Opinion
Nos. 94-2724, 94-2725, 94-2737 and 94-2744.
July 19, 1995.
Appeal from the Circuit Court, Monroe County, Richard J. Fowler, J.
Bennett H. Brummer, Public Defender, and Howard K. Blumberg, Asst. Public Defender, for appellant.
Robert A. Butterworth, Atty. Gen., and Joni Braunstein and Angelica Zayas, Asst. Attys. Gen., and Stephanie A. Morse, Certified Legal Intern, for appellee.
Before SCHWARTZ, C.J., and HUBBART and NESBITT, JJ.
This is an appeal by the defendant Sarah Vaughan from multiple judgments of conviction and sentences imposed below upon a negotiated guilty plea. The defendant's sole point on appeal is that the trial court erred in sentencing the defendant to 84 months in the state prison in lower court case no. 94-751; the defendant raises no points on appeal concerning the remaining judgments of conviction and sentences under review. We affirm.
In case no. 94-751, the defendant was charged with "home-invasion robbery with a firearm;" home-invasion robbery, in turn, is a first-degree felony [§ 812.135 (1993)], which when committed with a firearm is reclassified as a life felony [§ 775.087(1)(a), Fla. Stat. (1993)] for which a three-year mandatory minimum sentence may be applicable [§ 775.087(1)(b), Fla. Stat. (1993)]. In the written plea agreement entered into by the parties below, the defendant pled guilty to "Armed Robbery (Lesser Included Offense)" and admitted the violations of probation charged in three of the remaining cases against her; the prosecutor agreed to recommend a guidelines sentence in these cases, without a three-year mandatory minimum sentence, and to dismiss one of the probation violation cases charged against the defendant; the court agreed to accept the plea agreement without making any promises as to the sentence to be imposed.
In the sentencing guidelines scoresheet, the armed robbery as a lesser included offense was scored, after an unopposed amendment to same in open court, as an armed robbery with a firearm, a first-degree felony punishable by life imprisonment [§ 812.13(2)(a), Fla.
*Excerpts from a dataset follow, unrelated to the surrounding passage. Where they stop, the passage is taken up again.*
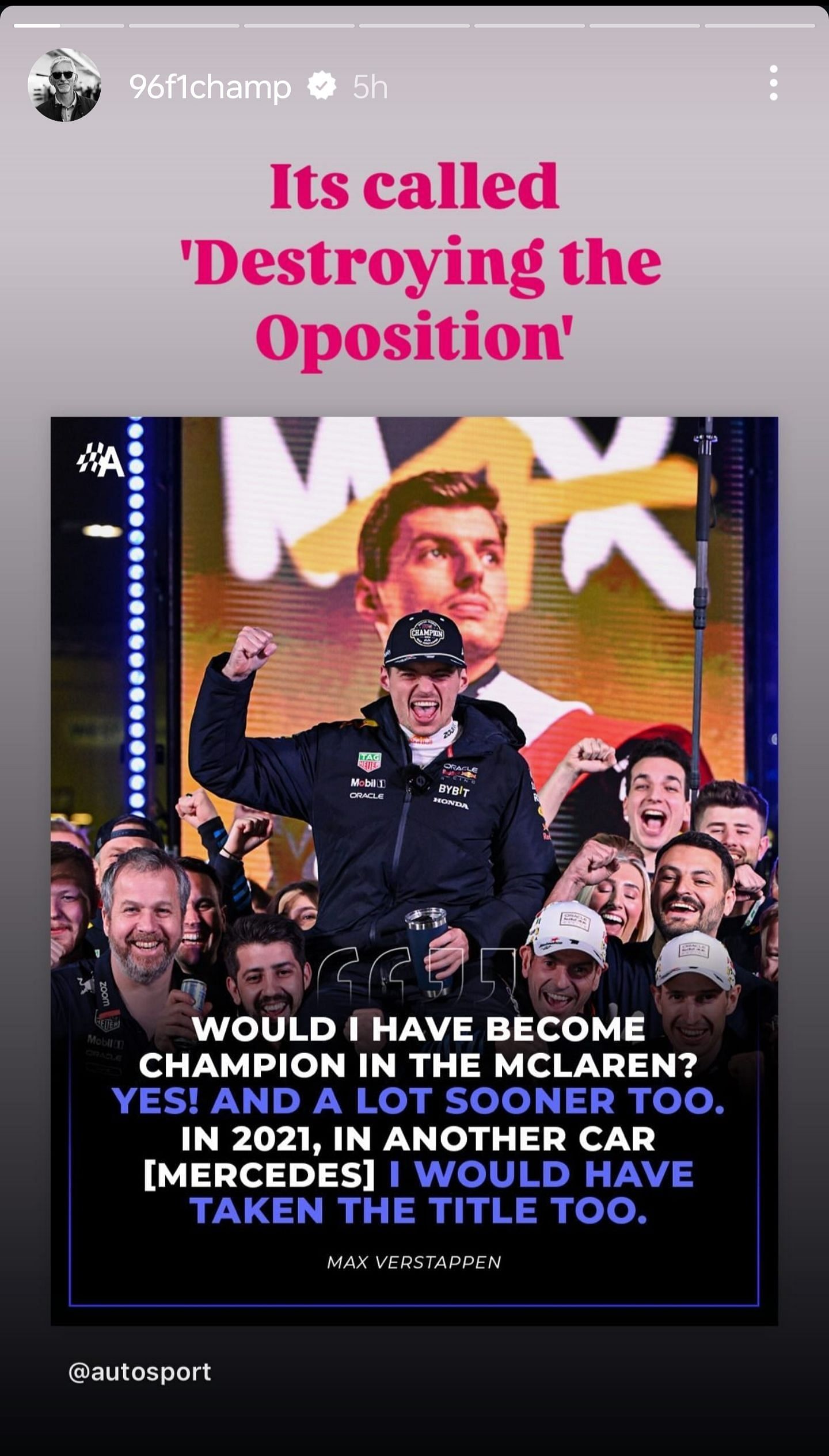 Interestingly, Verstappen also mentioned that he would have claimed the title in Hamilton's Mercedes from the 2021 F1 season. Hill, sharing the quote from Verstappen on his Instagram, wrote: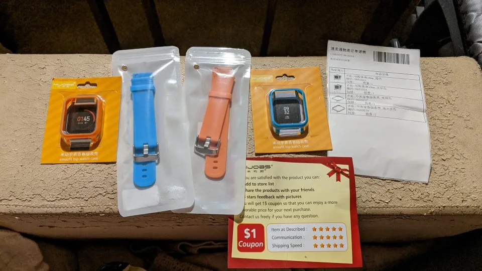 Дошли быстро. ремешок мягкий, приятный на ощупь. Бампер надевается поверх часов очень туго (в маем случае пока надевал малость погнул). Перед зарядкой бампер лучше снимать, иначе его снимет зарядка - сломав при этом.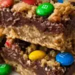 Delightful M&M Chocolate Fudge Oatmeal Bars combining rich fudge, chewy oats, and colorful M&Ms for a perfect sweet treat.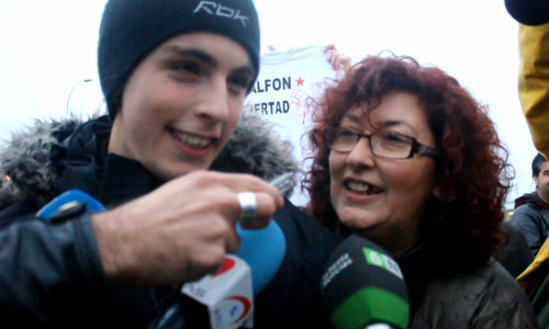 Y entonces, sobre las 18:00 horas, Alfon salió, sonriente, y comenzó a abrazar a sus seres queridos: su madre, su padre, su abuela, su hermana. Su novia no había podido llegar a tiempo debido al control de la Guardia Civil. Mientras, decenas de amigos y conocidos del joven rugían: “Liberado, Alfon liberado”, “Cifuentes, escucha, Madrid está en la lucha” y otras consignas.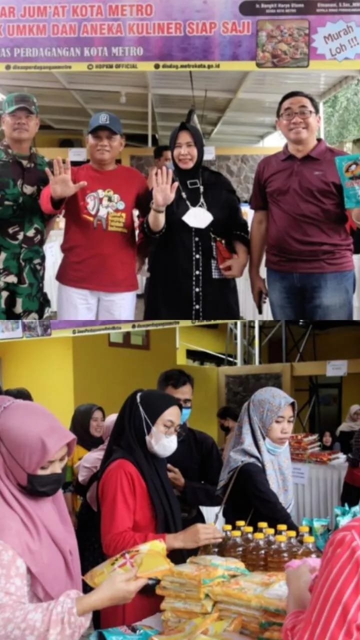 Kepala Dinas Perdagangan Kota Metro Elmanina, melaporkan bahwa kebutuhan pokok yang dijual pada Bazar Jum’at diantaranya seperti gula pasir, minyak goreng, mie, kecap, telur, bawang merah, bawang putih, dan lain sebagainya.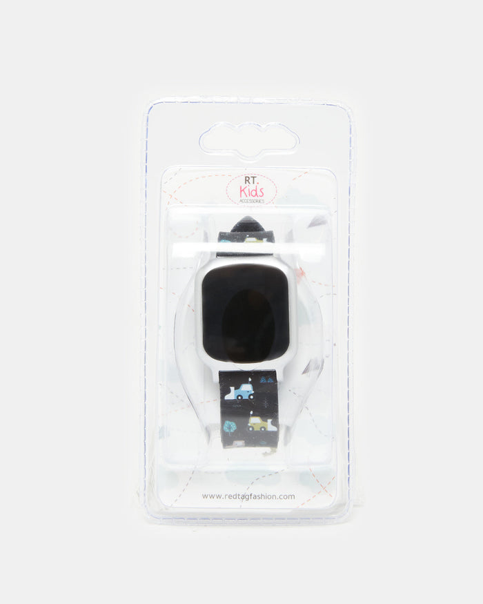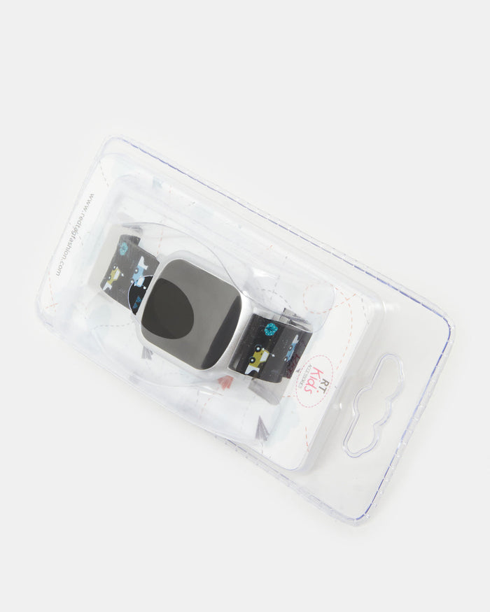 ساعة رقمية مطبوعة باللون الأسود للأولاد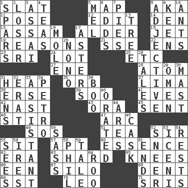 ACROSS 1. Narrow board 5. Atlas unit 8. Alias (abbr.) 11. Introduce or present, as a question 12. Prepare for publication 14. Lair 15. Indian state 17. Tree or shrub in the Birch family 18. Type of plane 19. Thinks logically 21. Compass dir. 22. Followers of ems 23. Indian title of respect (Mr.) 24. Car dealer's back yard 25. And so on (abbr.) 27. Compass dir. 28. Tiny particle 31. Pile 35. Globe 37. Pale green bean 38. Celtic language 39. "Barney Miller" actor Jack 41. Nights before holidays 42. Political cartoonist Thomas 43. Mouth or opening 45. Emitted 46. Tumult 47. Curve 49. Distress signal 51. Afternoon social gathering 52. Title for a knight 55. Be seated 57. Fitting 60. Core 62. Epoch 63. Pottery fragment 65. Leg joints 66. Car or cant ending 67. Grain storage tower 68. Incision 69. Fast jet (abbr.) 70. Lion 71. Indian titles of respect DOWN 1. Practice fights 2. Failure 3. Slender Brazilian palm 4. Afternoon social gatherings 5. Cartoonist voice _ Blanc 6. Does sums 7. Sliced desserts 8. Descriptive word 9. Peachy ____! 10. Pismires 13. Relationship diagram 16. Undercover agent 17. Michaelmas daisies 20. Words to Nanette 26. Stories 29. Sign of things to come 30. Vertical spar for supporting sails 31. Coop moms 32. Part of Q.E.F. 33. Aide 34. Stone: prefix 36. Surprise greeting 40. Spoke pompously 44. Ancient Greek god of war 48. Keg 50. Backtalk 52. Contemptuous expression 53. Ancient Celtic tribe of eastern Britain 54. Musical pauses 55. Observes 56. Angers 58. Silvers or Donahue 59. Story 61. Conclusions 64. Friend of Pooh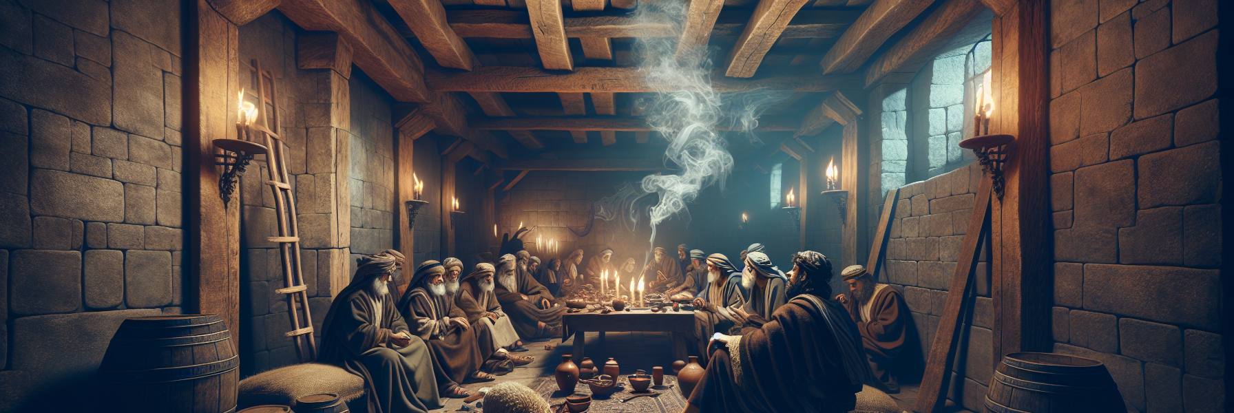 A noite em Jerusalém descia com uma certa preguiça, daquela que só existe quando a Páscoa se aproxima e o ar ainda guarda o último calor do dia. Dentro da casa, porém, o ar era pesado, carregado de algo que ia muito além do cheiro de pão ázimo e de cordeiro assado. Era uma opressão silenciosa, um pressentimento que se instalara no peito de cada um dos homens reunidos à mesa.

Stat. (1993)], resulting in a permissible guidelines sentence of 55.5-92.5 months imprisonment. The defendant argues that this was an erroneous scoring because, it is urged, armed robbery with a firearm is not a necessarily included offense within the charged offense of home invasion robbery with a firearm, as the plea agreement contemplated because both offenses are first-degree felonies; consequently, it is urged that the offense should have been scored as an armed robbery without a firearm or deadly weapon, a first-degree felony [§ 812.13(2)(b), Fla. Stat. (1993)], which admittedly would have yielded a lower point scoring and a permissible guidelines range of 42.7-71.2 months imprisonment.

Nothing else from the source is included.